Each support member 1301 -1 303 also has a pair of upright side walls extending along a main length of the support member in a direction perpendicular to a main plane of the main sheet 1304. Strengthening the upright side walls and their connection to the plate member 1304 are a plurality of substantially triangular plate buttresses 1307. Preferably the support member is formed in a single molding operation, from a resilient tough plastics material.

[0071] By providing a plurality of support members slid along the length of the lat, allows for the lat to bend and flex, without cracking of any of the individual support members, which have freedom to slide along the length of the lat as the lat bends and flexes. Further, should any torsional twisting of the lat occur, because the length of the support members is relatively short compared to the overall length of the lat, the plurality of support members can accommodate a torsional twist in the lat, without breakage of any of the support members.
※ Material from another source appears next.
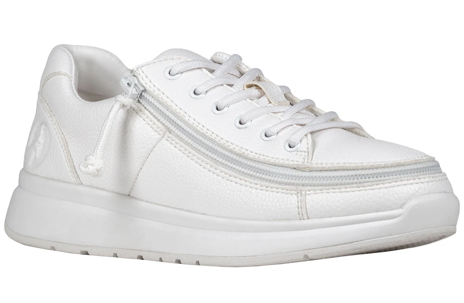 Looking for function in a slip-resistant women’s work shoe? Then look no further! These all-white comfort shoes utilize a wraparound zipper making donning and doffing simple. No need to stuff your feet into shoes—drop your foot in unobstructed and get to work! These faux leather shoes range in size from US Women’s 6 to US Women’s 11, with 1/2 sizes through size 10.

[0072] By making the lat out of carbon fiber and the support members from a durable lightweight plastics material, strength and resilience can be provided underneath the plafform, from lightweight materials.

[0073] Whilst the support members can accommodate torsional twisting of the lat, each support member is restricted in its twisting or rotation with respect to the lat, due to the substantially rectangular shape of the apertures within the loops of the support member, which corresponds with the cross sectional shape of the carbon fiber lat.

[0074] Referring to Figure 14 herein, there is illustrated in perspective view from one side a portion of the cushion layer which rests on top of the transverse lats, and underneath the endless belt. In this embodiment, the cushion layer has a five layer laminated construction comprising a first rubberized foam layer 1400, bonded to the first layer, a second rubberized foam layer 1401; bonded to an upper surface of the second rubberized layer, a third rubberized foam layer 1402; and bonded to an upper surface of the third foam layer, a fourth foam rubberized foam layer 1403. Bonded to an upper surface of the fourth foam layer is a polyester fiber carpet layer 1404, which provides a reduced friction surface over which the endless belt passes.

[0075] The five layers are bonded to each other using a known glue or by heat bonding. Each of the foam layers are formed from a corresponding respective sheet of rubberized foam material. The density of two of the layers are 120g, and the other two layers have a density of 90g.

[0076] The combined thickness of the foam layers and the carpet layer is preferably in the region of 30mm to 75mm, and in the embodiment shown, the total depth of the cushion is around 50mm. In the embodiment shown, the first layer has a depth in the range 12mm to 14mm, the second layer 1401 has a depth in the range 12mm to 14mm, the third layer 1402 has a depth in the range 10mm to 12mm and the fourth layer 1403 has a depth in the range 10mm to 12mm. Itwould be appreciated by the person skilled in the art that the depth or thickness or density of foam of each of the rubberized foam sheets can be varied in order to vary the amount of resilience or cushioning provided by the cushion layer.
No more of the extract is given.